--- Exercise data ---
[Start of Attachment]
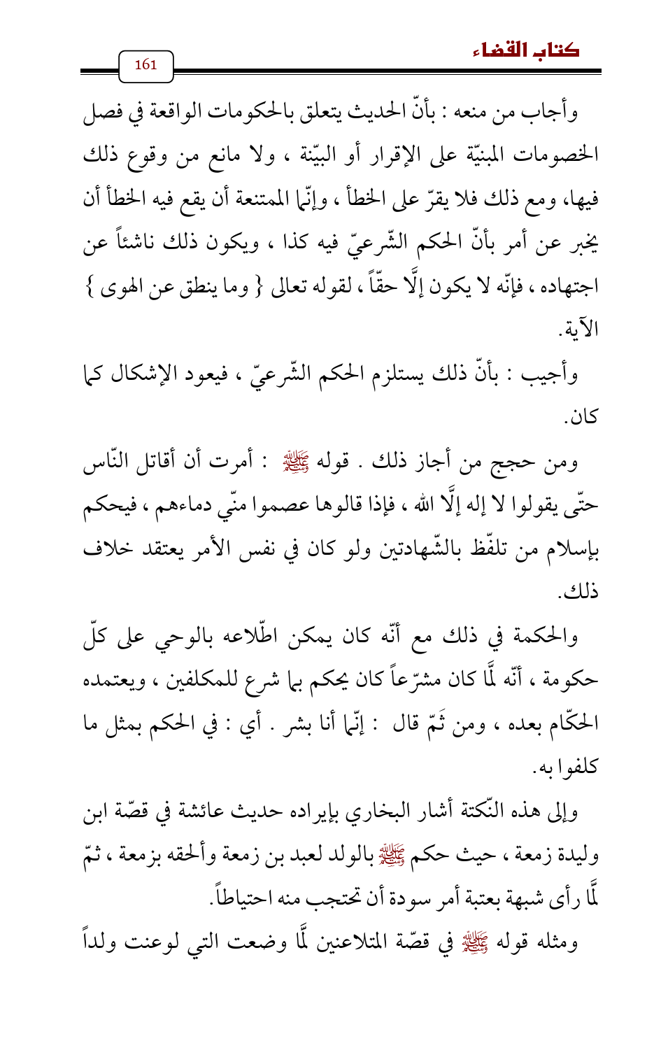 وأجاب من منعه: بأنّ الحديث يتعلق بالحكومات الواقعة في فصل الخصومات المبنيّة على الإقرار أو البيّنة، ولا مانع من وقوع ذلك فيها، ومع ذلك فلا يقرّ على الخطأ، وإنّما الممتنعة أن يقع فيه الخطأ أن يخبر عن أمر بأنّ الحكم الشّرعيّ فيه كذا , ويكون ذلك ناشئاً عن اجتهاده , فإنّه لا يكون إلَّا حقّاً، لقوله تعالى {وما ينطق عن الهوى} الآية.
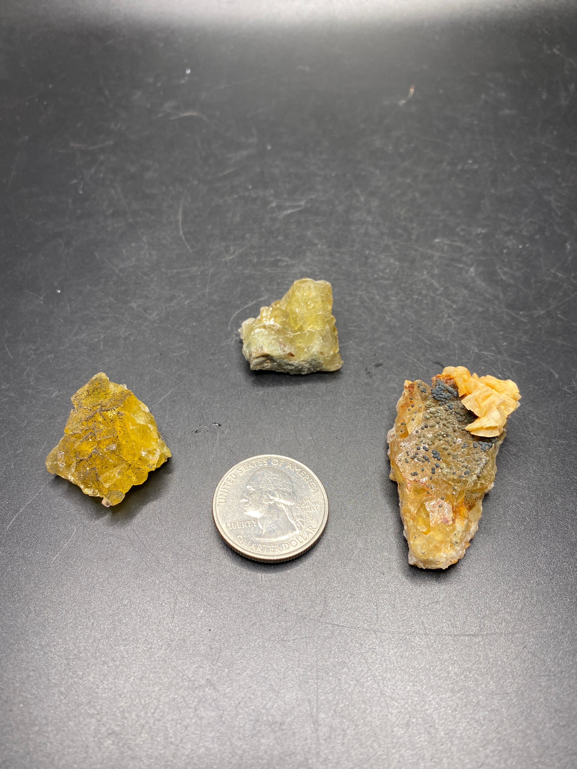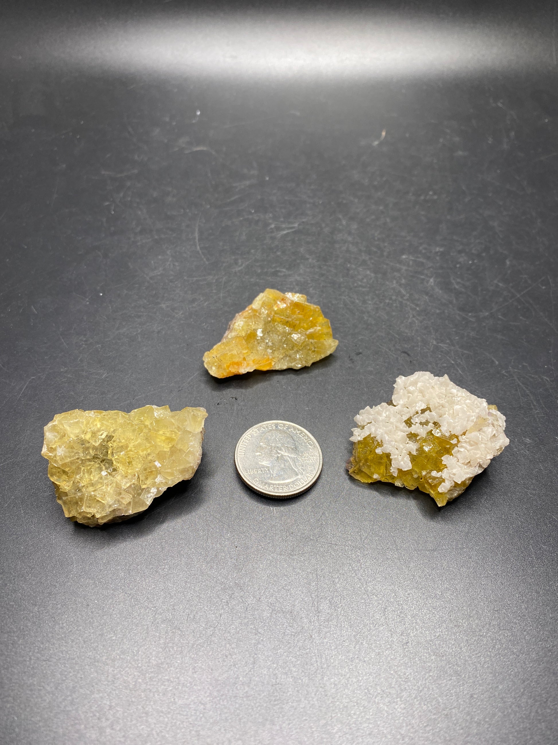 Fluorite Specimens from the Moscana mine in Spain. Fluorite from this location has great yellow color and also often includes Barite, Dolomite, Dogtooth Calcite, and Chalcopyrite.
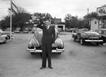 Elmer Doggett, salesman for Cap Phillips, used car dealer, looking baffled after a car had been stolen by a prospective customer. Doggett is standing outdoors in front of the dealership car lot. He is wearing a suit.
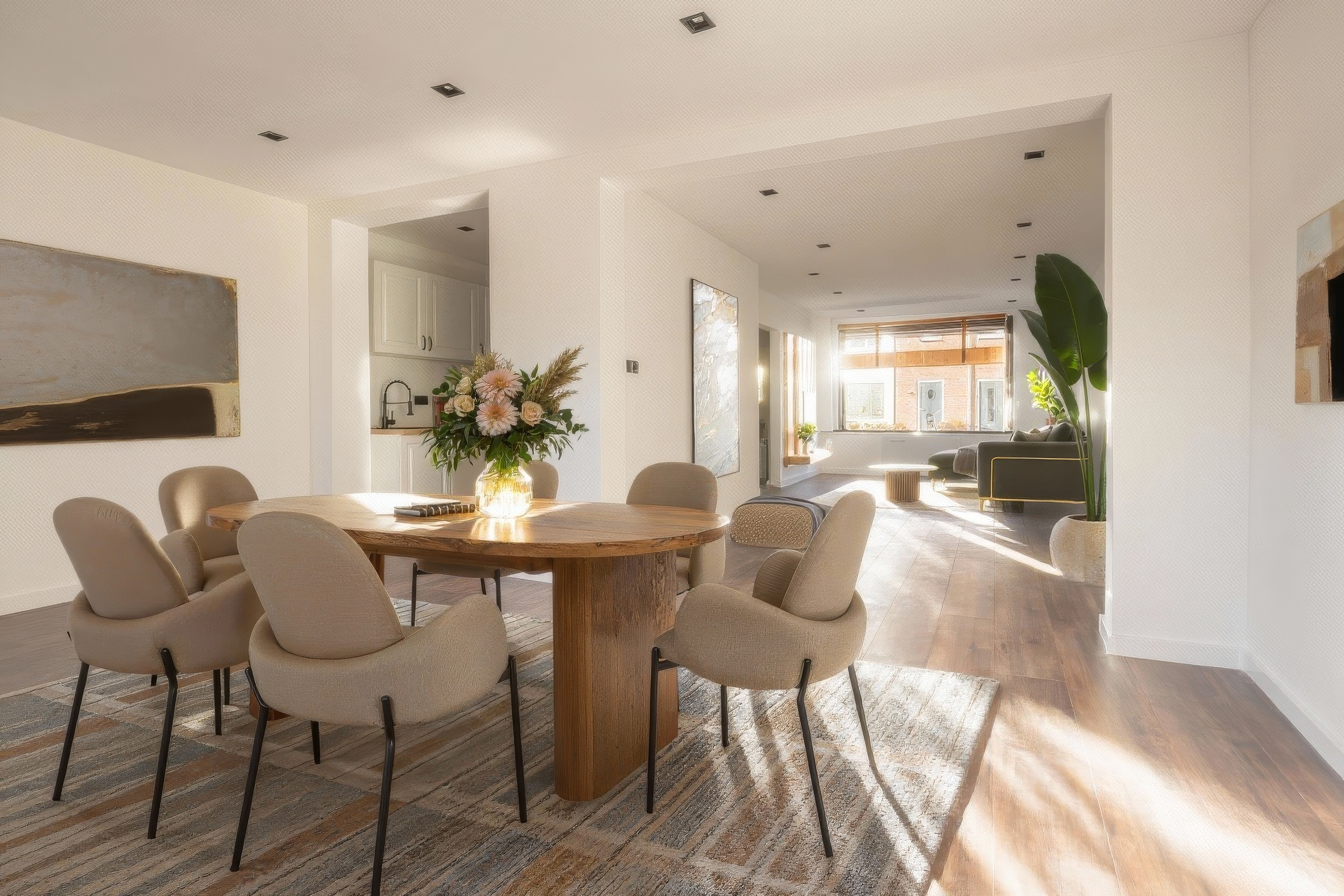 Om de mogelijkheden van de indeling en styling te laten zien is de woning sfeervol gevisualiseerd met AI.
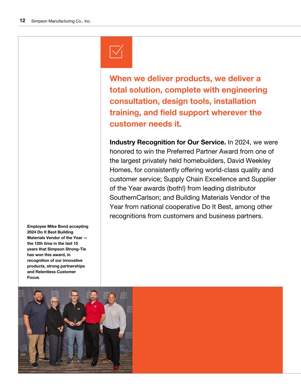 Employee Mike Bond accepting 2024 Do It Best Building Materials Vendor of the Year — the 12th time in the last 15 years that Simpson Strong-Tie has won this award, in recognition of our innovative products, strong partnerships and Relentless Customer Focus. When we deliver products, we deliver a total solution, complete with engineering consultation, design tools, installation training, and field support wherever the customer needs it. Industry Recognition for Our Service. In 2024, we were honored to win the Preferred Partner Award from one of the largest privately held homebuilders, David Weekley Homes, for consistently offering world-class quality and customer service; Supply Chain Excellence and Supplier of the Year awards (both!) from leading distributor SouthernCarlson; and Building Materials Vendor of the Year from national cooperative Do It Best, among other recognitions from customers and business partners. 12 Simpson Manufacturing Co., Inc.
[End of Attachment]
--- Your objective ---
Starting with the first line of the records above and stopping after the line containing "Om de mogelijkheden", repeat every line exactly and leave out the pictures.

--- Written solution ---
 وأجاب من منعه: بأنّ الحديث يتعلق بالحكومات الواقعة في فصل الخصومات المبنيّة على الإقرار أو البيّنة، ولا مانع من وقوع ذلك فيها، ومع ذلك فلا يقرّ على الخطأ، وإنّما الممتنعة أن يقع فيه الخطأ أن يخبر عن أمر بأنّ الحكم الشّرعيّ فيه كذا , ويكون ذلك ناشئاً عن اجتهاده , فإنّه لا يكون إلَّا حقّاً، لقوله تعالى {وما ينطق عن الهوى} الآية.
 Fluorite Specimens from the Moscana mine in Spain. Fluorite from this location has great yellow color and also often includes Barite, Dolomite, Dogtooth Calcite, and Chalcopyrite.
 Elmer Doggett, salesman for Cap Phillips, used car dealer, looking baffled after a car had been stolen by a prospective customer. Doggett is standing outdoors in front of the dealership car lot. He is wearing a suit.
 Om de mogelijkheden van de indeling en styling te laten zien is de woning sfeervol gevisualiseerd met AI.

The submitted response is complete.